The Investor Group on Climate Change (IGCC) points to the increased involvement of investors and their desire to manage climate change. The survey indicates a strong increase in the proportion of investors implementing low carbon strategies from 54% in 2017 to 90% in 2018. Some local investors who are broadly managing climate risk with low carbon strategies include New Zealand Super, Vision Super Australian Ethical, and Christian Super, while Local Government Super apply materiality screens to fossil fuels and HESTA restricts investments in new thermal coal.
The investor action on climate change is not just an Australian phenomenon. Investors including Norway's Sovereign Wealth Fund, UK EAPF, AP4 and CalSTRS are implementing low carbon strategies or divesting from coal.

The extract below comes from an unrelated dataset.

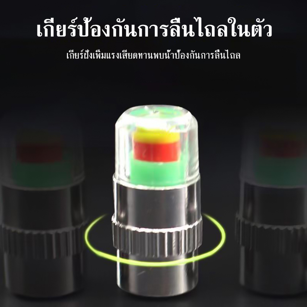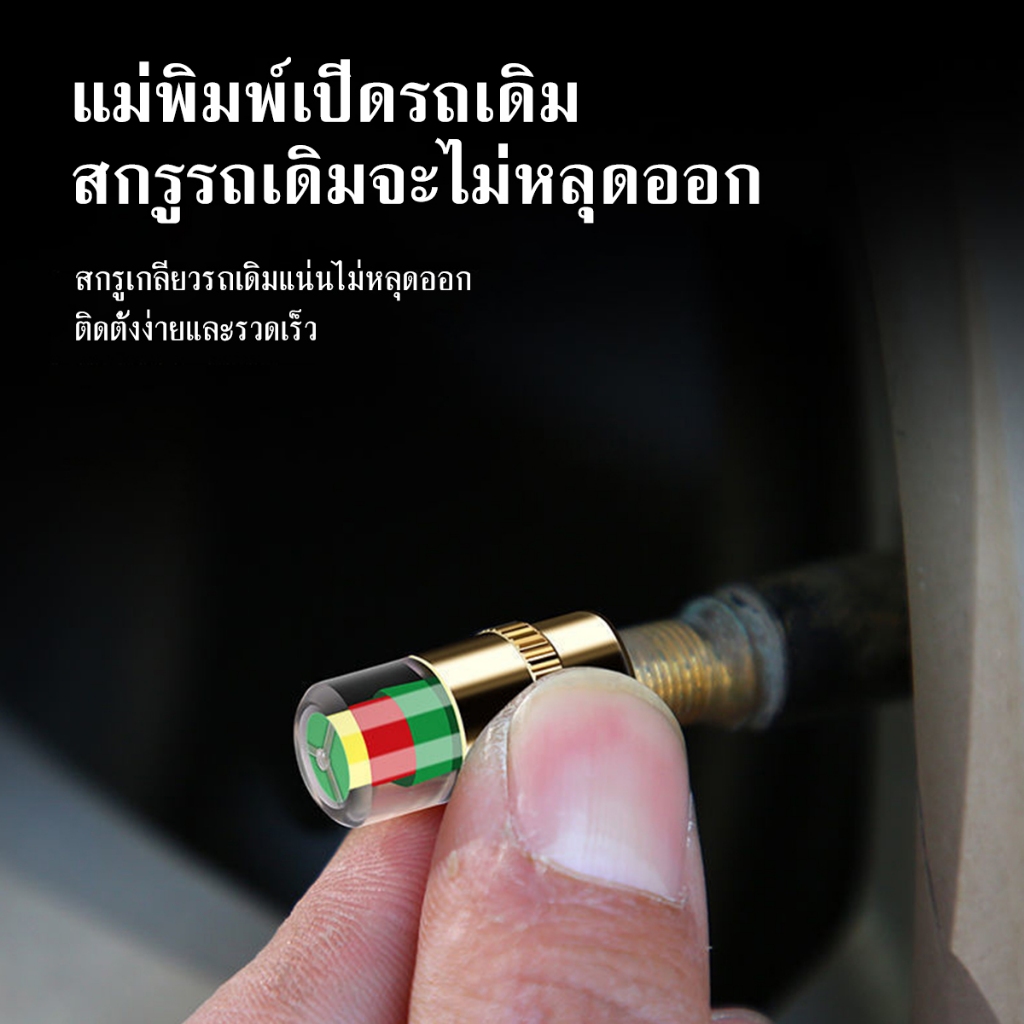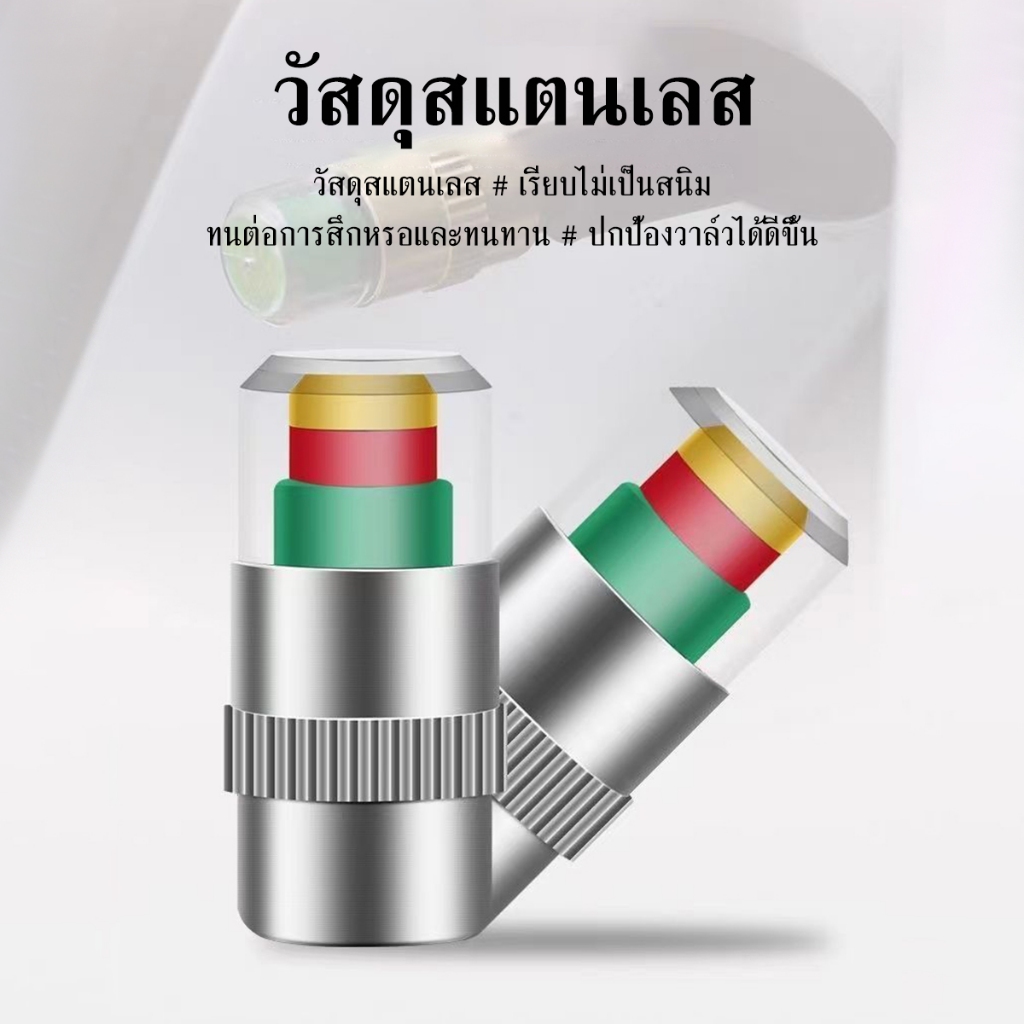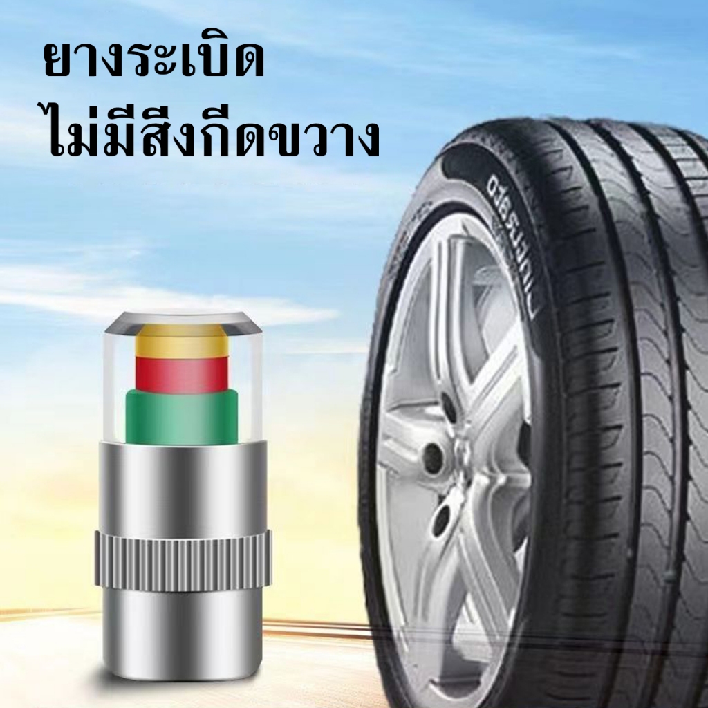 จุ๊บลมยาง จุกปิดลมยางรถยนต์ 4ชิ้น วัดความดันลมได้ในตัว มีสีแจ้งเตือนสถานะลมยาง ใช้ได้ทั้งรถจักรยาน มอเตอร์ไซค์ รถยนต

However, more needs to be done to educate investors on the financially material risks of climate change. Slightly more than 40% of superannuation funds believe that climate change was financially material in APRA’s survey from 2019. That leaves a large proportion of funds that are not currently concerned.
Climate change transition risk could occur rapidly due to changing policy and technology. Markets could be caught by surprise. The survey found that ‘Reputational’ topped the list of climate risks, while ‘Regulatory and Energy’ ranked lower. Arguably the latter two should be of primary concern as they could materially impact company performance. In a scenario were carbon emissions were regulated and priced, thermal coal could be rapidly devalued and investors would be left with a stranded asset.
Australians hold the key to supporting superannuation funds initiatives to protect their assets from climate risk. Contacting superfunds and supporting better climate risk management would help them stand up to the political criticism, putting Australia on the right path to become a renewable energy leader.
Michael Salvatico is Executive Director at MSCI ESG Research. This article is general information and not financial advice. It does not consider the circumstances of any investor.